GoogleCloudPlatform / appengine-python-standard

Google App Engine services SDK for Python 3
Apache License 2.0
70 stars 47 forks source link

ndb.PickleProperty UnicodeDecodeError: 'ascii' codec can't decode byte with NDB_USE_CROSS_COMPATIBLE_PICKLE_PROTOCOL #111

Open kaansoral opened 9 months ago

kaansoral commented 9 months ago

Expected Behavior

No decode issues

Actual Behavior

Decode issues

Steps to Reproduce the Problem

  1. set NDB_USE_CROSS_COMPATIBLE_PICKLE_PROTOCOL:True in app.yaml
  2. Have a ndb.PickleProperty in python27
  3. Access the ndb.PickleProperty in python312
  4. File "/layers/google.python.pip/pip/lib/python3.12/site-packages/google/appengine/ext/ndb/model.py", line 1913, in _from_base_type UnicodeDecodeError: 'ascii' codec can't decode byte 0xe6 in position 1: ordinal not in range(128)

Specifications

pnico commented 9 months ago

Cross-compatible pickle protocol is for a different problem from the one you are talking about. You probably need to wrap the property access in a getter function which will catch the error, then try to dig out the underlying stored value, and unpickle it 'manually' using a different protocol like 'latin1' - it depends on what you're storing in the property, which you didn't specify.

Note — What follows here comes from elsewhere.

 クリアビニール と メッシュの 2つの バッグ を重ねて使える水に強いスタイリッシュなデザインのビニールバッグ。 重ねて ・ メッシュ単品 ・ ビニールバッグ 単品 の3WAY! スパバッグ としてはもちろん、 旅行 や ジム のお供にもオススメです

kaansoral commented 9 months ago

"NDB_USE_CROSS_COMPATIBLE_PICKLE_PROTOCOL" seems pretty self explanatory to me - it should work out of the box. I have no idea what problem it's intended to solve other than the name as it's not documented anywhere.

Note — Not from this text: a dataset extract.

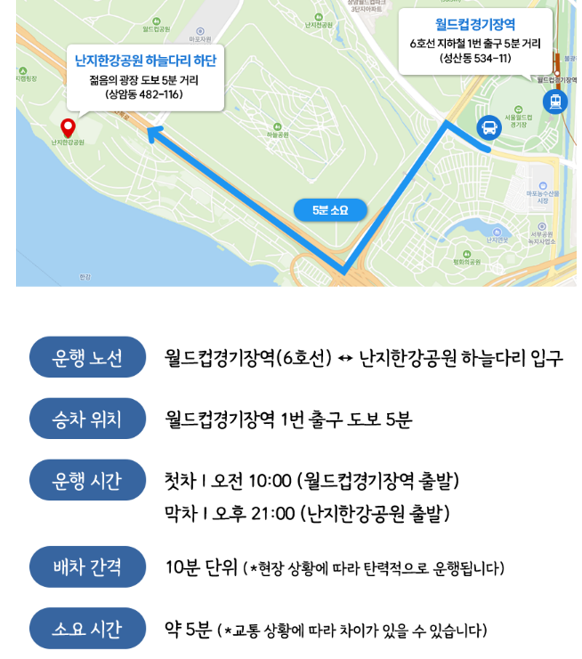 막차 | 오후 21:00 (난지란강공원 출발) - 배차간격: 10분 단위

Still it's a good suggestion, better than waiting for a star to fall, but I could not find an easy way to access the base value at a quick glance without triggering the unpickle - maybe turning ndb.PickleProperty()'s to ndb.BlobProperty()'s and then unpickleing them with 'latin1' and re-pickleing them with Python3 default pickle is an option - yet it's quite a challenging undertaking as I'd need to manually block all access to my app and risk corrupting data

kaansoral commented 9 months ago

My Python is rusty but maybe dynamically overriding the section here in code: https://chromium.googlesource.com/external/googleappengine/python/+/3b4e135a03ddf2132df0c0c8d3f7cdc9eaa8c34b/google/appengine/ext/ndb/model.py

class PickleProperty(BlobProperty):
--
class PickleProperty(BlobProperty):
  """A Property whose value is any picklable Python object."""
  def _to_base_type(self, value):
    return pickle.dumps(value, pickle.HIGHEST_PROTOCOL)
  def _from_base_type(self, value):
    return pickle.loads(value)

with

class PickleProperty(BlobProperty):
--
class PickleProperty(BlobProperty):
  """A Property whose value is any picklable Python object."""
  def _to_base_type(self, value):
    return pickle.dumps(value, pickle.HIGHEST_PROTOCOL)
  def _from_base_type(self, value):
    try: return pickle.loads(value)
    except: return pickle.loads(value,encoding='latin1')

is an easy fix

Is it unreasonable to expect App Engine team to do this themselves when NDB_USE_CROSS_COMPATIBLE_PICKLE_PROTOCOL flag is set?

kaansoral commented 9 months ago

This ended up being the patch that was refused here https://issuetracker.google.com/issues/322622693

def _from_base_type(self, value):
    try:
        return pickle.loads(value)
    except:
        return pickle.loads(value,encoding='latin1')
ndb.model.PickleProperty._from_base_type=_from_base_type
pnico commented 9 months ago

ah, yeah we're doing something similar just on a case-by-case basis where we know we have datetime objects in the pickle property.. it seems like the "except" should actually specify UnicodeDecode error there though ^

About what NDB_USE_CROSS_COMPATIBLE_PICKLE_PROTOCOL (and friends) are for, this is all a bit confusing so I could be wrong about this, but my understanding was that it was so you could store a pickled object in a Python 3 instance and still have it be readable by a still-running Python 2 instance, because it will be pickle protocol 2 which Python 2 can still parse (it can't parse the newer, default pickle protocol used by Python 3). Which if I'm correct, this probably matters less now that Google won't let you deploy anything with Python 2 any more.

But a UnicodeDecodeError in Python 3 will still happen with datetime objects pickled in Python 2 in any protocol version without using the 'latin1' encoding, but that's not a bug with this library, it's just a "fact of life" when unpickling Python2-pickled objects in Python 3 (I think :D )